BEGIN INPUT

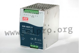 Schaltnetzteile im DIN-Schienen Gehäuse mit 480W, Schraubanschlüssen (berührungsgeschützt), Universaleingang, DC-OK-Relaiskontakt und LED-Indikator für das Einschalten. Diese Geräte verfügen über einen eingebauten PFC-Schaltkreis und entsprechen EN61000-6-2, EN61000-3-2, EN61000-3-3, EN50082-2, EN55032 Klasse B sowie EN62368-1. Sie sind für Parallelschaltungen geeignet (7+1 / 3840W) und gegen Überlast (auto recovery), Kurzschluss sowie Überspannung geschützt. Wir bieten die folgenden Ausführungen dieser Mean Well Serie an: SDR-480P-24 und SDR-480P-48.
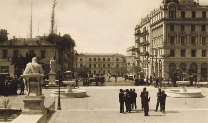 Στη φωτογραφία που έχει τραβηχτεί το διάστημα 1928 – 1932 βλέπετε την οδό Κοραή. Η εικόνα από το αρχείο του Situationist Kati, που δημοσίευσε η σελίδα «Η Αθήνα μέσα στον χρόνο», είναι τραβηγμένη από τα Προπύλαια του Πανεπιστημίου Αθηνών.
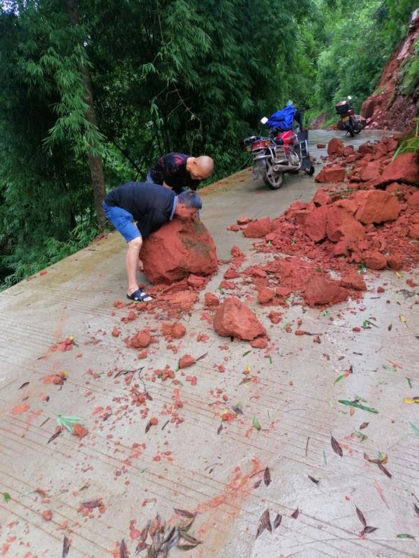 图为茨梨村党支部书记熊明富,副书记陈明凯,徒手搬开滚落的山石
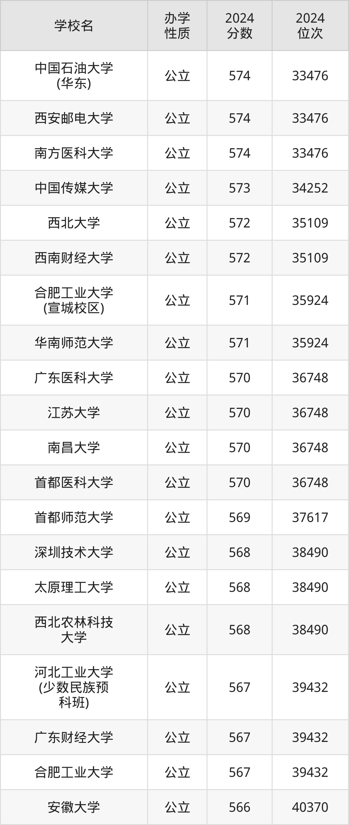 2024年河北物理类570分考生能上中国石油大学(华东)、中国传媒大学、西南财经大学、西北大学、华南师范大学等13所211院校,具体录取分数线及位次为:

END INPUT
BEGIN INPUT

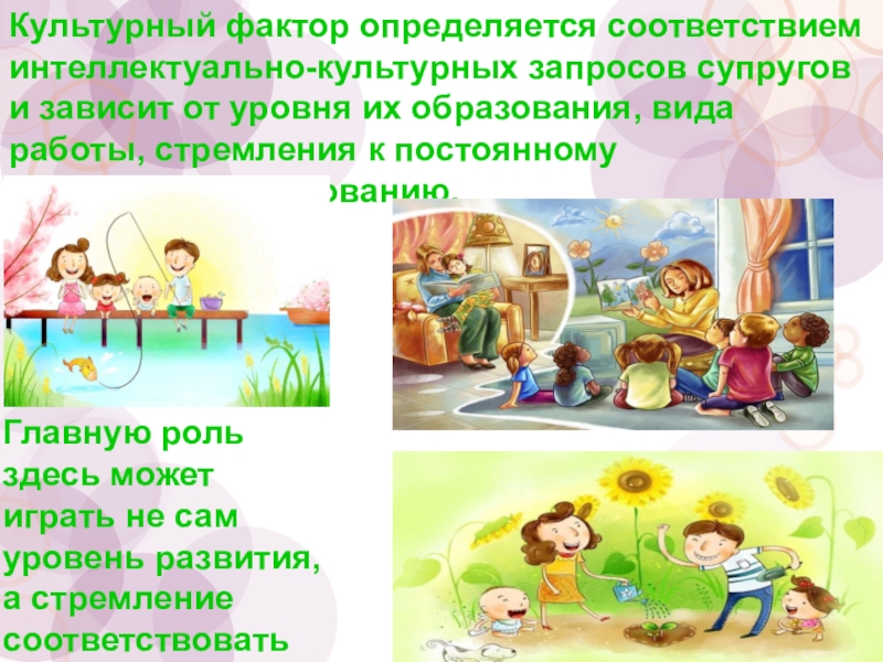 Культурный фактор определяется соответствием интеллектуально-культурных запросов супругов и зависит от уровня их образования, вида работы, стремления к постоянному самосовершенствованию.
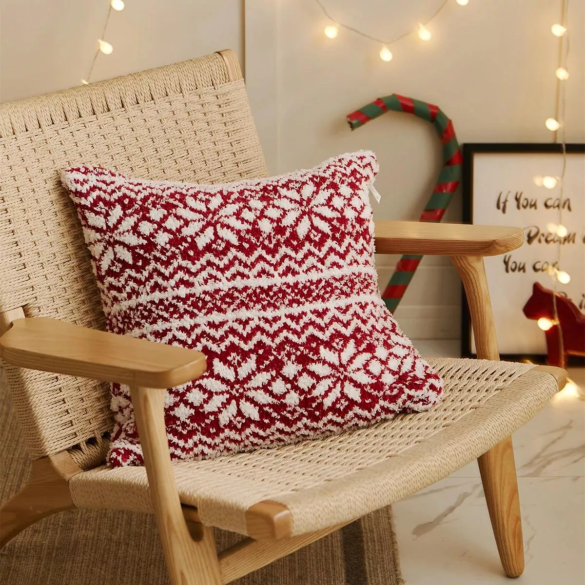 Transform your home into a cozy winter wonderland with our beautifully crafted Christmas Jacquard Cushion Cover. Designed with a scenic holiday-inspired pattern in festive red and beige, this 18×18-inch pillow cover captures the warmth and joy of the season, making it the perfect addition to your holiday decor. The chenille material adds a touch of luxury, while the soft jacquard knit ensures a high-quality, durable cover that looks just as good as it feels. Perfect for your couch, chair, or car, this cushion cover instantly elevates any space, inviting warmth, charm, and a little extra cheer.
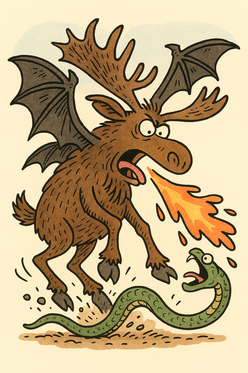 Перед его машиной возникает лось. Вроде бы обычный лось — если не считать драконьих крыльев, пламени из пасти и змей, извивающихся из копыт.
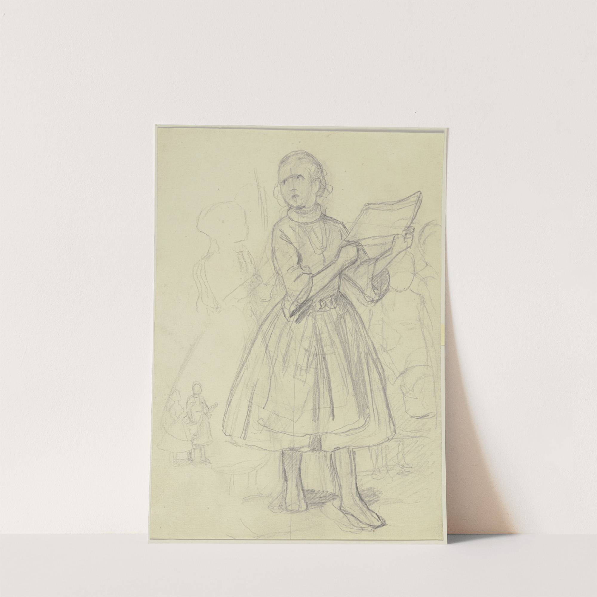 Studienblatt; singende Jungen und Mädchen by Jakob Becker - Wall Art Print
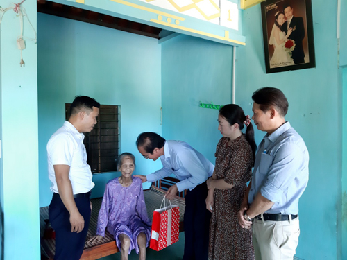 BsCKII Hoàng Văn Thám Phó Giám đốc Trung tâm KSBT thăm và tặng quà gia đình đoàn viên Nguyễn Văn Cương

END INPUT

ABOUT THIS TASK: Quote the lines above exactly, starting with the one that has "Культурный фактор определяется" and ending with the one that has "BsCKII Hoàng Văn"; drop the pictures and include nothing else.

EXERCISE ANSWER:
 Культурный фактор определяется соответствием интеллектуально-культурных запросов супругов и зависит от уровня их образования, вида работы, стремления к постоянному самосовершенствованию.
 Transform your home into a cozy winter wonderland with our beautifully crafted Christmas Jacquard Cushion Cover. Designed with a scenic holiday-inspired pattern in festive red and beige, this 18×18-inch pillow cover captures the warmth and joy of the season, making it the perfect addition to your holiday decor. The chenille material adds a touch of luxury, while the soft jacquard knit ensures a high-quality, durable cover that looks just as good as it feels. Perfect for your couch, chair, or car, this cushion cover instantly elevates any space, inviting warmth, charm, and a little extra cheer.
 Перед его машиной возникает лось. Вроде бы обычный лось — если не считать драконьих крыльев, пламени из пасти и змей, извивающихся из копыт.
 Studienblatt; singende Jungen und Mädchen by Jakob Becker - Wall Art Print
 BsCKII Hoàng Văn Thám Phó Giám đốc Trung tâm KSBT thăm và tặng quà gia đình đoàn viên Nguyễn Văn Cương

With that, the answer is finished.